Autism Assessment
Understanding what a proper autism assessment involves, the diagnostic criteria used, and what to expect from the process.
Autism Spectrum Disorder diagnosis requires meeting criteria in both Domain A (social communication) and Domain B (restricted/repetitive patterns), plus additional requirements about timing and impairment.
Social-emotional reciprocity
- •Difficulty with back-and-forth conversation
- •Reduced sharing of interests or emotions
- •Difficulty initiating or responding to social interactions
Nonverbal communication
- •Difficulty integrating verbal and nonverbal communication
- •Atypical eye contact and body language
- •Difficulties understanding and using gestures
- •Limited or atypical facial expressions
Relationships
- •Difficulty adjusting behaviour to social contexts
- •Difficulty sharing imaginative play or making friends
- •Reduced interest in peers
Must meet ALL 3 criteria
Stereotyped movements, speech, or object use
- •Motor stereotypies (hand flapping, spinning)
- •Echolalia (repeating words/phrases)
- •Idiosyncratic use of phrases
- •Lining up objects
Insistence on sameness
- •Distress at small changes
- •Rigid thinking patterns
- •Greeting rituals
- •Need to take same route
Highly restricted interests
- •Strong attachment to unusual objects
- •Excessively focused interests
- •Perseverative topics of conversation
Sensory reactivity
- •Apparent indifference to pain/temperature
- •Adverse response to specific sounds or textures
- •Excessive smelling or touching of objects
- •Visual fascination with lights or movement
Must meet at least 2 of 4 criteria
Additional diagnostic requirements
Symptoms present in early developmental period
May not fully manifest until social demands exceed capacity, or may be masked.
Symptoms cause clinically significant impairment
In social, occupational, or other important areas of current functioning.
Not better explained by intellectual disability or global developmental delay
Though autism and intellectual disability can co-occur.
Assessment tools
These are the main tools clinicians use. Not all will be used in every assessment.
Gold-standard structured observation. Creates opportunities to observe social communication and play.
Highly trained administrator required. Not a "test" to pass or fail - it's an observation framework.
Detailed structured interview covering developmental history and current functioning.
Takes 2-3 hours. Very thorough but time-intensive.
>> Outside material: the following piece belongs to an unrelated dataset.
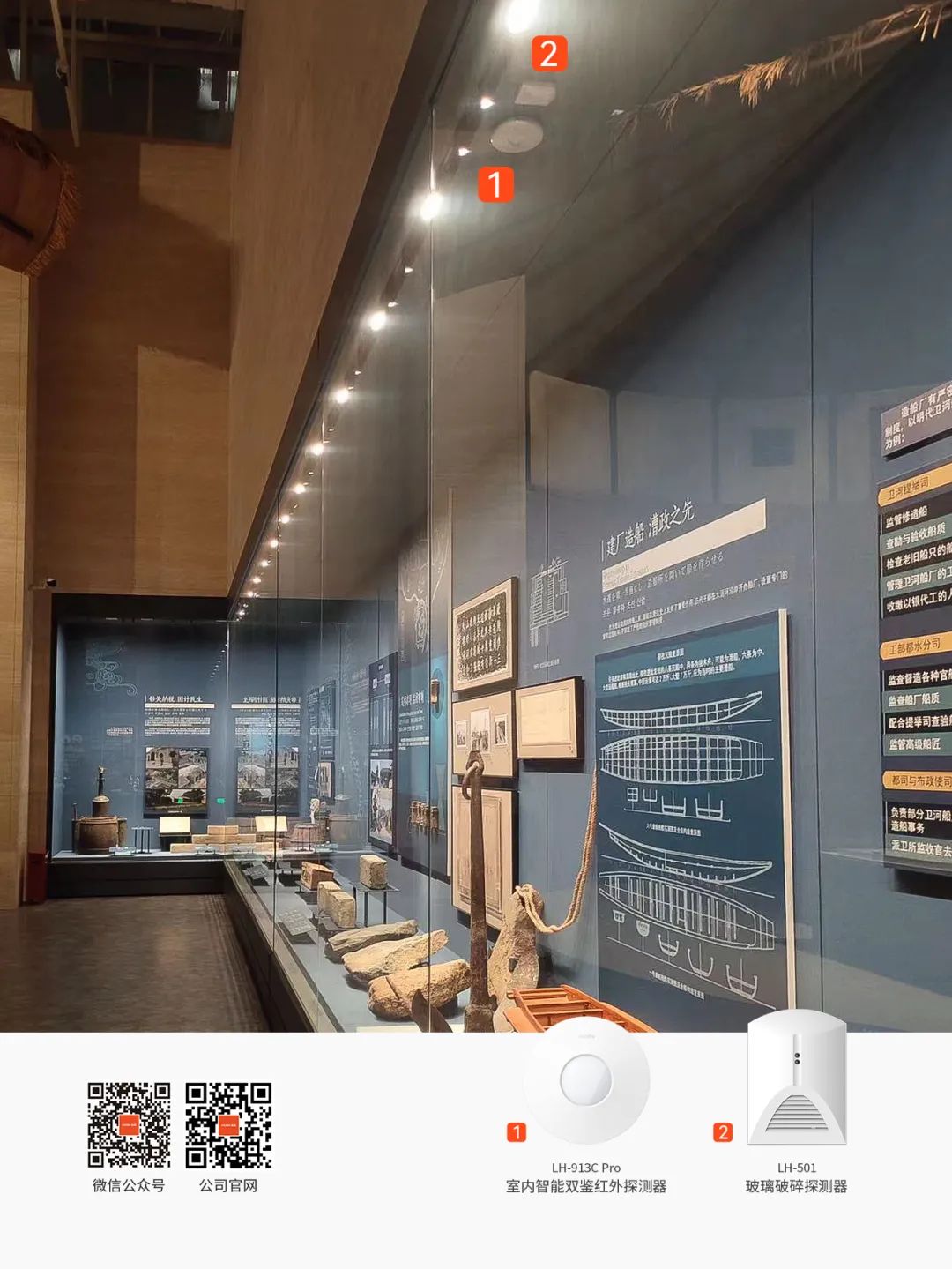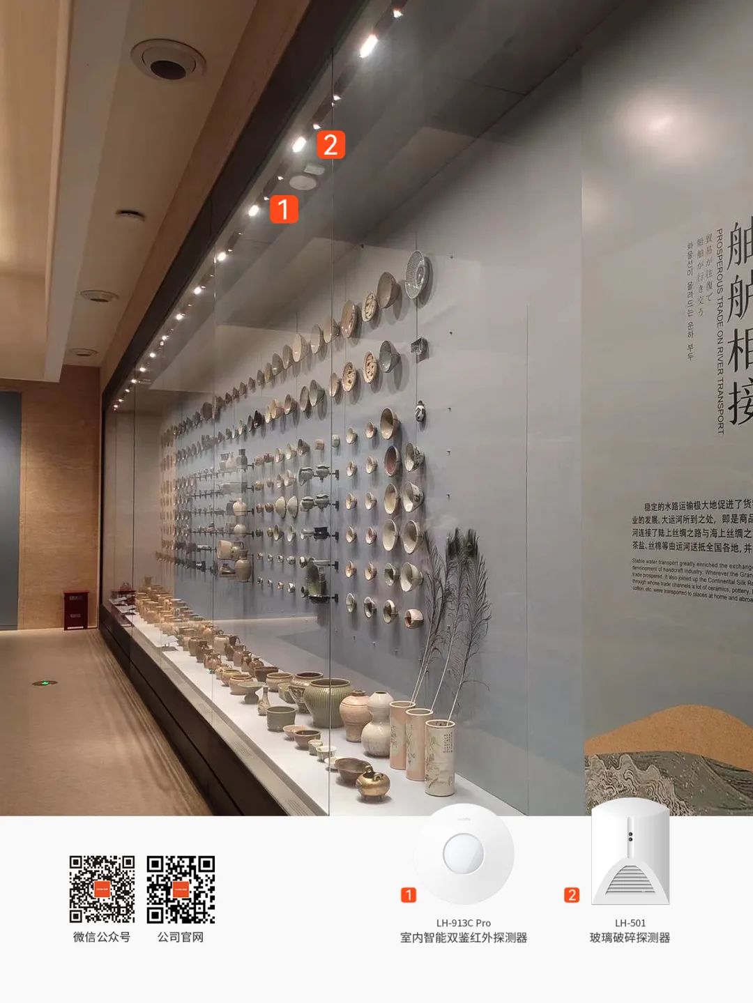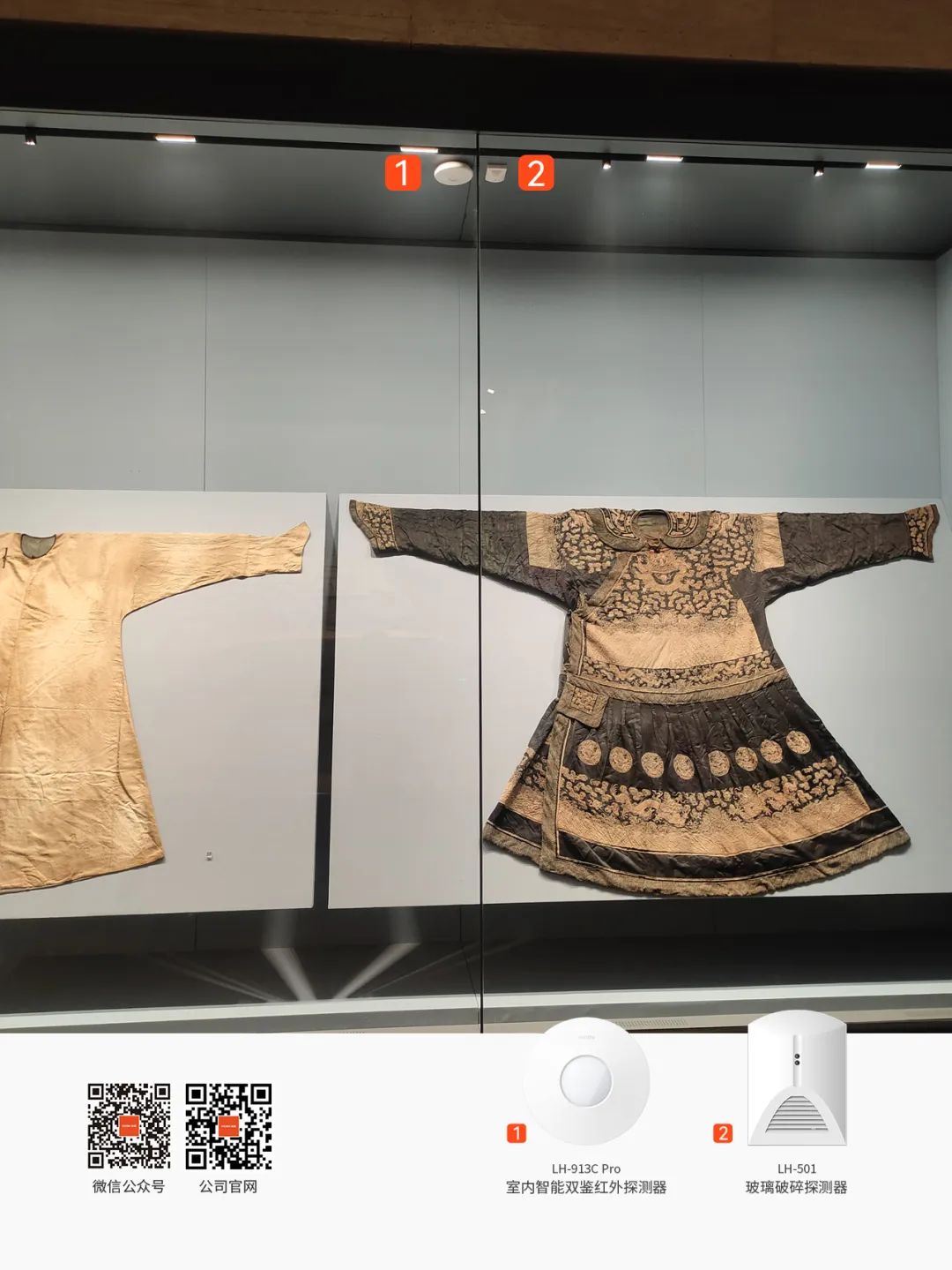 而在每個展柜內部,豪恩也安裝了玻璃破碎探測器,及時感知對展柜的惡意敲擊、爆破以及高低溫攻擊等破壞行為,為珍貴的文物筑起第二道保護墻。

Computerised structured interview covering autism symptoms and development.
Shorter than ADI-R. Often used in UK services.
Comprehensive interview that also assesses broader difficulties.
Good for complex presentations or when broader profile needed.
Note:
The assessment process
Referral
Initial concerns raised, referral accepted by assessment service.
Service reviews referral information, may request additional details, places on waiting list.
Information gathering
Questionnaires and background information collected.
Parents complete developmental history forms. School provides observations. Medical records reviewed.
Assessment appointment(s)
Direct assessment and interviews with clinician(s).
May be single session or multiple. Includes parent interview, observation/interaction with child.
Multidisciplinary discussion
Team reviews all information (in MDT models).
Different professionals share observations, reach consensus on diagnosis.
Feedback
Results shared with family.
Diagnosis explained, questions answered, next steps discussed.
Report
Written documentation provided.
Detailed report with history, findings, diagnostic conclusions, and recommendations.
Challenging presentations
Some autistic people are harder to diagnose. This doesn't mean they're "less autistic" - it means standard approaches may not capture their experience.
Challenges:
- May camouflage/mask social difficulties
- May have learned social scripts
- Interests may be more typical (though intense)
- Friendship difficulties may be subtle
Approach: Look beyond surface. Ask about effort required. Consider impact of masking.
Challenges:
- May compensate with intelligence
- Difficulties may emerge later (secondary school)
- May be dismissed as "quirky but fine"
- Often delayed diagnosis
Approach: Compare to cognitive peers. Look for hidden struggles. Consider internal experience.
Challenges:
- ADHD can mask autism features
- Social difficulties attributed to impulsivity
- Hyperactivity can obscure repetitive behaviours
- Shared features complicate assessment
Approach: Assess both thoroughly. Consider staged assessment.
Challenges:
- Autism features may be attributed to language delay
- Communication difficulties affect assessment
- May need adapted assessment approaches
Approach: Use appropriate tools. Focus on nonverbal communication. Involve speech therapy.
Autism assessment is clinical judgement, not a test. There's no blood test or brain scan for autism. Diagnosis is made by trained clinicians integrating information from multiple sources to form a clinical opinion.
A good assessment considers not just whether criteria are met, but how autism presents in your specific child, what support they need, and what their strengths are.